Regulation of Water Metabolism

• Importance of Regulation:

  • Maintaining the volume and concentration of dissolved substances in body water compartments is crucial.

• Intravascular Fluid Volume Regulation:

  • Volumoreceptors detect volume changes located in carotid sinuses, aortic arch, renal vessels.

  • Activation of Neurohumoral Regulatory Mechanisms:

    • Sympathetic Nervous System Response:

      • Increased cardiac output and blood pressure.

      • Activation of Renin-Angiotensin-Aldosterone System (RAAS).

    • Renin-Angiotensin-Aldosterone System (RAAS):

      • Activators include renal blood flow reduction and sympathetic tone increase.

      • Renin Release from juxtaglomerular cells:

        • Converts angiotensinogen to angiotensin I, then to angiotensin II, which constricts blood vessels and stimulates aldosterone release.

    • Aldosterone Effects:

      • Retains Na+ and water leading to increased intravascular volume.

      • Factors increasing aldosterone secretion: angiotensin II, increased plasma K+, decreased plasma Na+, increased ACTH.

    • Natriuretic Peptides:

      • Produced by atrial myocardium when intravascular volume increases, causing vessel dilation and decreased RAAS activity.

    • Thirst Mechanism:

      • Triggered by dehydration factors; plasma osmolality increase, lower intravascular volume, and dry mucous membranes.

      • ADH release increases reabsorption of water in kidneys.

Water Balance

• Components of Water Balance:

  • Water intake through food and beverages.

  • Water produced metabolically (endogenous water).

  • Water excretion through kidneys, lungs, skin, and feces.

• Daily Water Balance Example:

  • Total intake: 2.2 - 2.7 liters

  • Total excretion: 2.2 - 2.7 liters

• Pathological Variants of Water Balance:

  • Negative water balance (hypohydration) - deficit in body water.

  • Positive water balance (hyperhydration) - excess accumulation of water.

Hypohydration (Dehydration)

• Definition:

  • Characterized by loss of water exceeding intake.

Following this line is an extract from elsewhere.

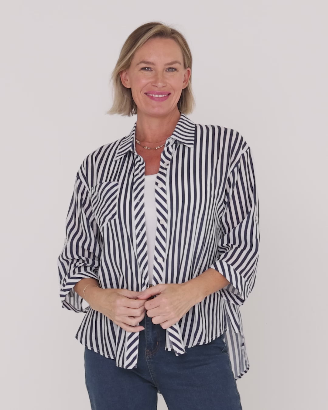 Fresh, classic and effortlessly wearable, the Colana Shirt in Navy Stripe is a timeless piece for everyday women’s clothing in Australia. The crisp vertical stripe creates a flattering, elongating effect, while the relaxed silhouette offers an easy fit that feels comfortable without clinging. It’s the kind of shirt you can throw on with denim for casual days or tuck loosely into tailored pants for a more polished look.

• Causes of Hypohydration:

  • Insufficient Intake:

    • Water starvation, swallowing disorders, lack of thirst, etc.

  • Excessive Losses:

    • Prolonged polyuria, gastrointestinal disorders, vomiting, diarrhea, etc.

• Consequences:

  • Hypovolemia, circulatory failure, tissue hypoxia, possible fatality with severe dehydration (loss of 7-12% body weight can be fatal).

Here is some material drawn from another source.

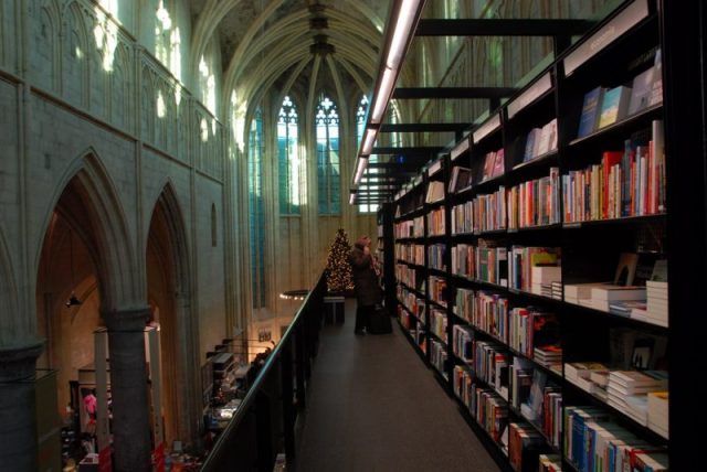 Churches have traditionally been associated with literacy, writing, and publishing. This church, built in 1294, continues the tradition in a way suitable for modern times.

Clinical Signs of Dehydration

• Dry skin and mucous membranes, decreased tissue turgor, thirst, decreased blood pressure, rapid thready pulse.

• Classifications of Hypohydration by osmolality:

  • Hypoosmolal: Salt losses dominate; symptoms include intracellular hyperhydration.

  • Hyperosmolal: Fluid losses exceed salt losses; symptoms include cellular hypohydration.

  • Isoosmolal: Equivalent loss of salts and water.

Hyperhydration

• Definition:

  • More water intake than excreted, resulting in positive water balance.

• Types of Hyperhydration:

  • Hypoosmolal Hyperhydration: Low osmolality; fluid enters cells.

  • Hyperosmolar Hyperhydration: High osmolality; fluid leaves cells.

  • Isoosmolal Hyperhydration: Na+ and water excess with normal osmolality.

Edema and Watering

• Definition:

  • Edema: Excessive accumulation of fluid in interstitial spaces.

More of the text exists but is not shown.